Because of this, we ran into several unavoidable limitations:
- You cannot change locomotive working_sound during gameplay
The engine does not expose a runtime working_sound_volume or working_sound field.
Trying to modify it crashes the game.
This is why:
We define the working_sound once in data.lua
When Diesel System is ON, we simply overpower it with custom cab audio
When OFF or outside the cab, the base bed is audible
- Sounds played through control.lua cannot “attach” to entities
player.play_sound and surface.play_sound cannot follow trains automatically.
Because of this, all custom notches and bells are tied to the driver, not the train entity.
This keeps the cab audio stable and consistent.
- Looping & transitions must be manually timed
Factorio has:
No built-in audio channels
No per-entity sound memory
No crossfade tools
So we manually control every notch, loop, and transition using timestamps and per-sound durations.

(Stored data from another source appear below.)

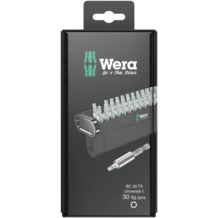 30-piece. Tough-absorbing Wera bits for universal use. 1 universal halter 899/4/1 K for take-up in the power screwdriver or use in the chuck of the power drill. Comes with tough viscous TORX® bits for universal use.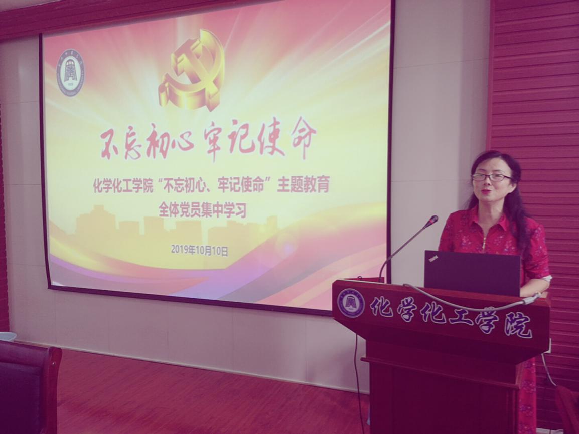 1010日下午,化学化工学院开展“不忘初心牢记使命”主题教育学习活动。化学化工学院党总支书记施向荣主持,全院教师党员和学生党员共计70余人参加了学习。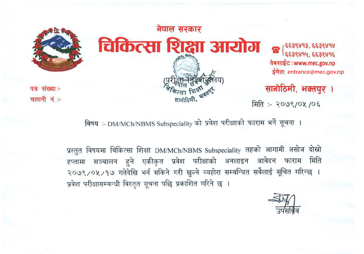 आयोगले मंगलबार सूचना जारी गरी डीएम/एमसीएच/एनबीएमएस सबस्पेसियालिटीको एकीकृत प्रवेश परीक्षाबारे जानकारी दिएको हो ।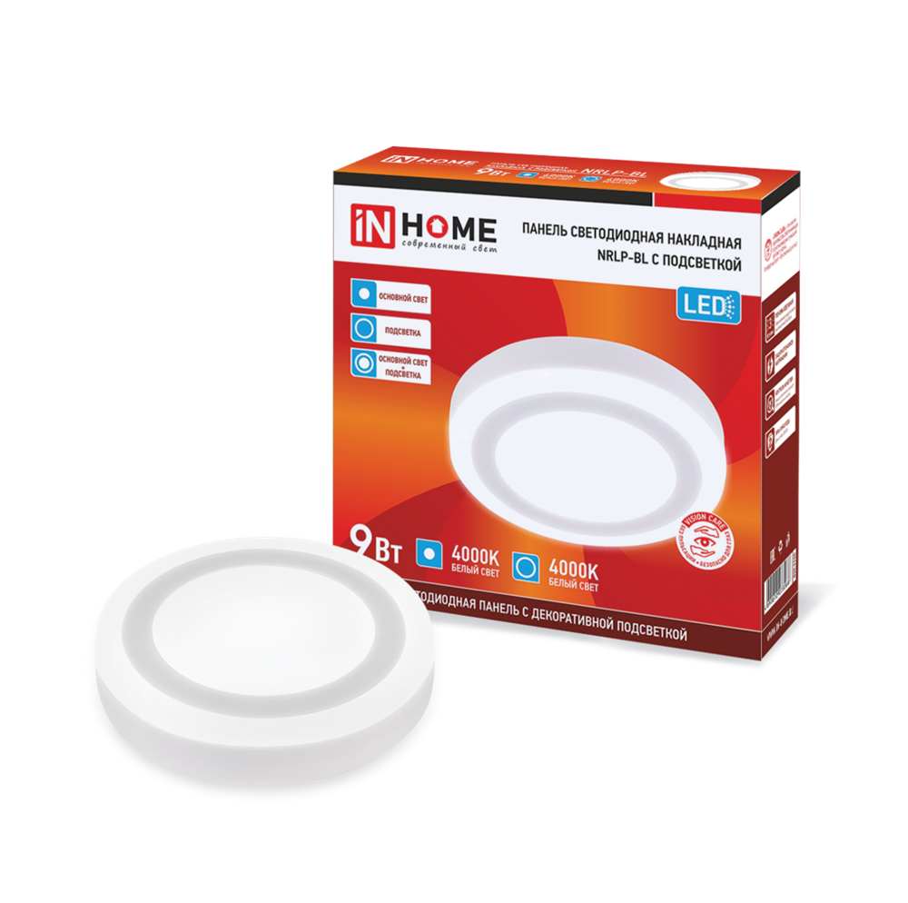 светильник накладкой In Home NRLP-BL 9Вт 230В 4000К 540Лм IP20 145мм с подсветкой белый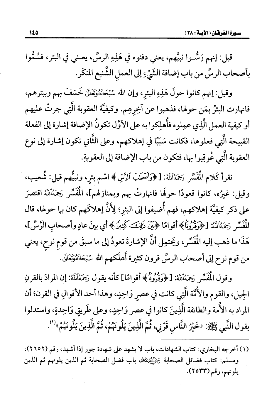 نقرأ كَلام المُفَسِّر رَحِمَهُ اللَّهُ: [{وَأَصْحَابُ الرَّسِّ} اسْم بئرٍ، ونبيُّهم قيل: شُعيب، وقيل: غيرُه، كانوا قعودًا حولَها فانهارتْ بهم وبمنازلهم]، المُفَسِّر رَحِمَهُ اللَّهُ اقتصرَ على ذكر كيفيَّة إهلاكهم، فهم أُضيفوا إلى البئرِ؛ لِأَنَّ إهلاكَهم كان بما حولها، قال المُفَسِّر رَحِمَهُ اللَّهُ: [{وَقُرُونًا} أقوامًا {بَيْنَ ذَلِكَ كَثِيرًا} أي بينَ عادٍ وأصحابِ الرَّسِّ]، هَذَا ما ذهب إليه المُفَسِّر، ويَحتمِل أنَّ الإشارةَ تعودُ إلى ما سبقَ من قومِ نوحٍ، يعني من قوم نوح إلى أصحاب الرسِّ قرون كثيرة أَهلَكهم اللَّه سُبْحَانَهُ وَتَعَالَى.

This actually produces very realistic diesel behavior—but it took clever tricks to work around engine limits.
🔊 Recommended Settings (Important for Realism)
Lower the vanilla “working_sound” volume for best results
Inside the mod’s files (data.lua), you can adjust:
volume = 0.10
This controls how loud the base locomotive hum is when:
The diesel system is OFF
AI trains are passing by
You are standing outside the locomotive
If you want a fully GEVO-dominant experience:
volume = 0.05
If you want more trackside diesel rumble:
volume = 0.20 – 0.30
Or turn the GEVO system OFF via the GUI toggle to return to vanilla train audio.
📦 What This Mod Is (and Isn’t)
This mod IS:
A highly immersive diesel sound simulator
A full 4-notch GEVO notching system
A dynamic audio layer that responds to your driving
A way to bring American mainline railroading to Factorio’s dieselpunk world
This mod is NOT:
A dynamic sound engine that overrides all Factorio limits
A per-entity 3D audio system (Factorio simply cannot do this)
A universal sound overhaul for all trains (unless you use it that way)
🔥 Final Notes
This mod pushes Factorio’s audio system harder than almost any existing train mod. Nearly everything here is handcrafted to work around engine restrictions without breaking stability.
The end result is a surprisingly realistic, responsive, and satisfying diesel locomotive experience—something Factorio has never had before.